Some of the region’s leading businesses show the way forward:
AirAsia uses digital channels to engage consumers more actively, integrating its activities (including customer service) into its core social-media strategy on Facebook and Twitter. Its mobile app has been downloaded more than 2 million times. As a result, it enjoys strong engagement with its customers, with 1.4 million fans on Facebook and more than 324,000 followers on Twitter. It has cut 40 percent from its contact center costs, and has won numerous awards.
In the banking sector, mobile apps have become central to the digital offering and increased functionality drive competitiveness. Leading banks are also using partnerships to elevate themselves. For example, Bank of the Philippine Islands has partnered with Globe, a telecommunications company, to offer Globe BanKO—the first mobile microfinance-focused savings bank in the Philippines. This initiative allows banks to dispense with costly brick-and-mortar branches and to reach out to new market segments, fully realizing the digital opportunity.

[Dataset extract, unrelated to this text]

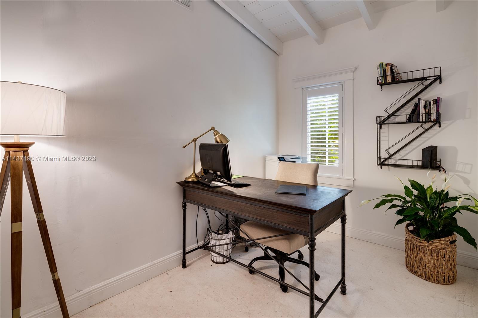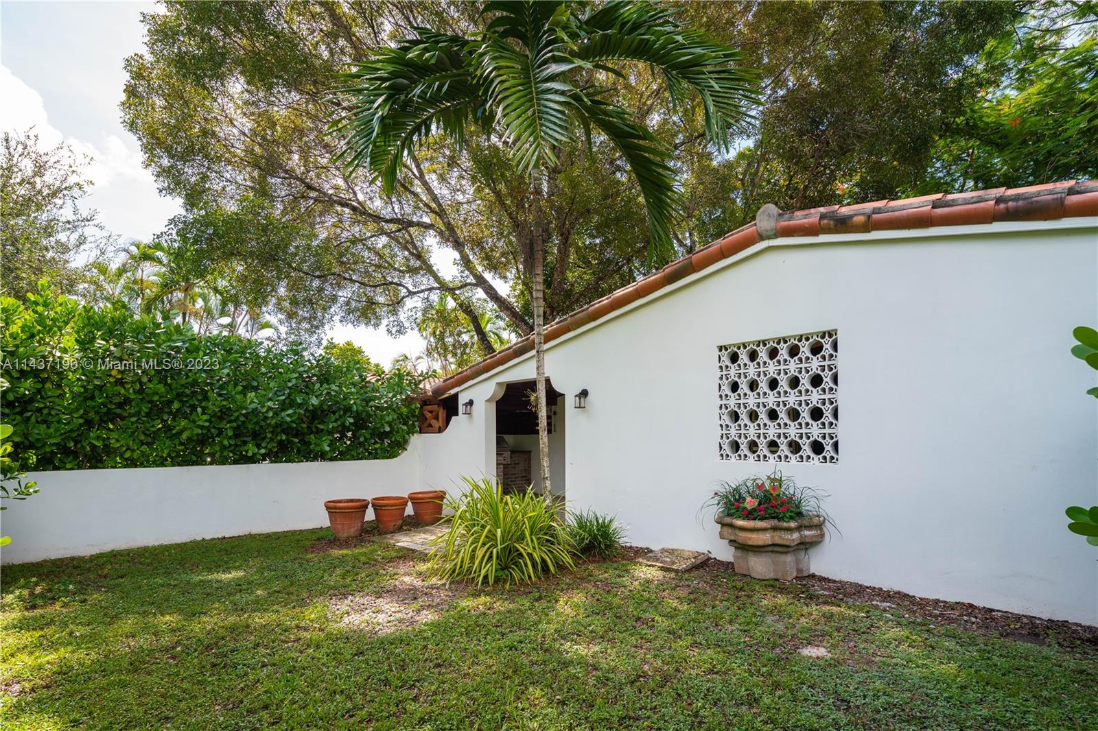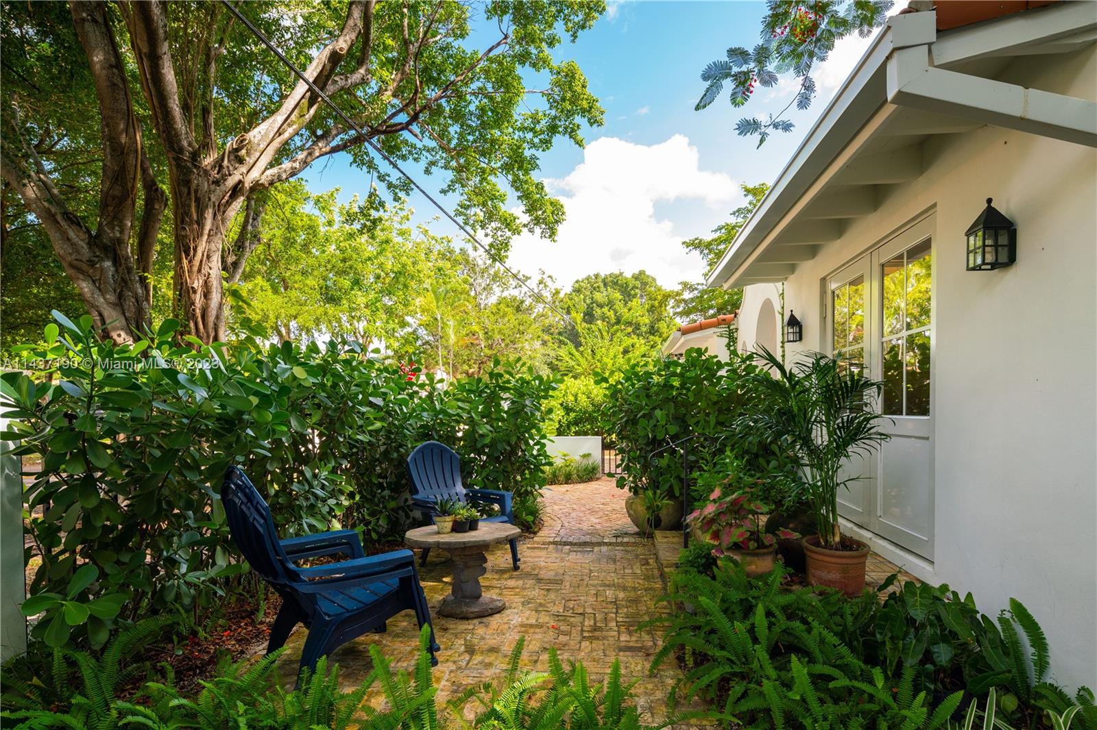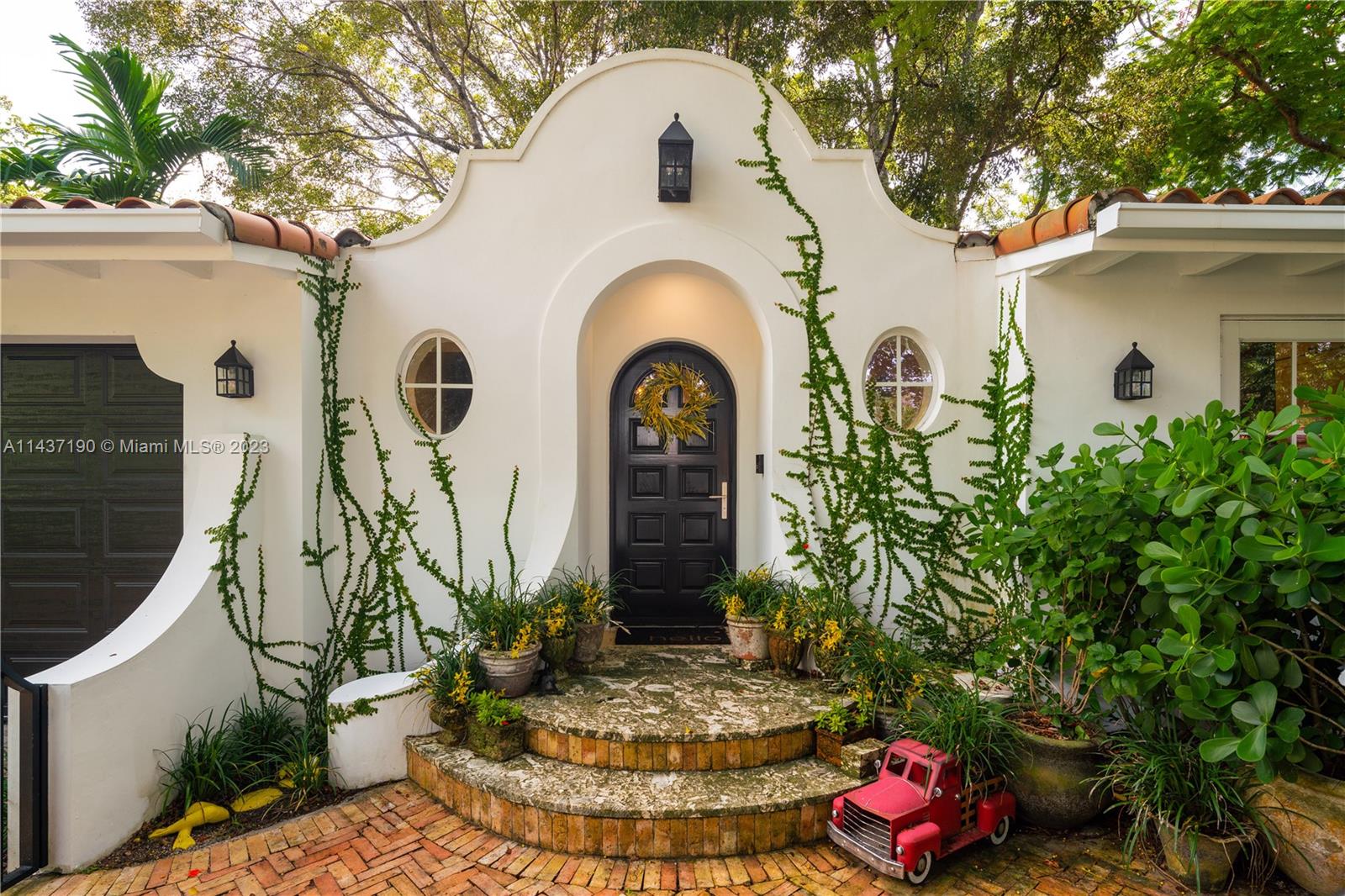 An enchanting fairytale home awaits its new chapter with a new homeowner. The allure of the corner courtyard entrance, moves you to peek inside & enjoy all the charm. From the limestone floors below, to the eye-catching exposed wood ceiling above, to the arched details, you are captivated. Fully remodeled, with PVC plumbing, impact doors & windows, updated electrical, beautiful kitchen, and spa-like bathrooms—all waiting for you to move right in! There are 2 spacious bedrooms plus a home office, and a garage. Built in BBQ area in patio for gatherings. There is even room for a small pool in the private yard! Blocks from the Granada Golf course. Sq footage larger than tax roll per seller. A true, Very Special Home.

The more businesses understand the degree of latent demand in the region and the factors that can release that demand, the more confidently they will initiate additional services and build out broader markets. And the more Southeast Asia’s governments understand the benefits of a digitally enabled society—not to mention their citizens’ wishes—the more likely they are to support infrastructure build-outs and digital enablement. These are the factors that may soon push the region past a digital tipping point.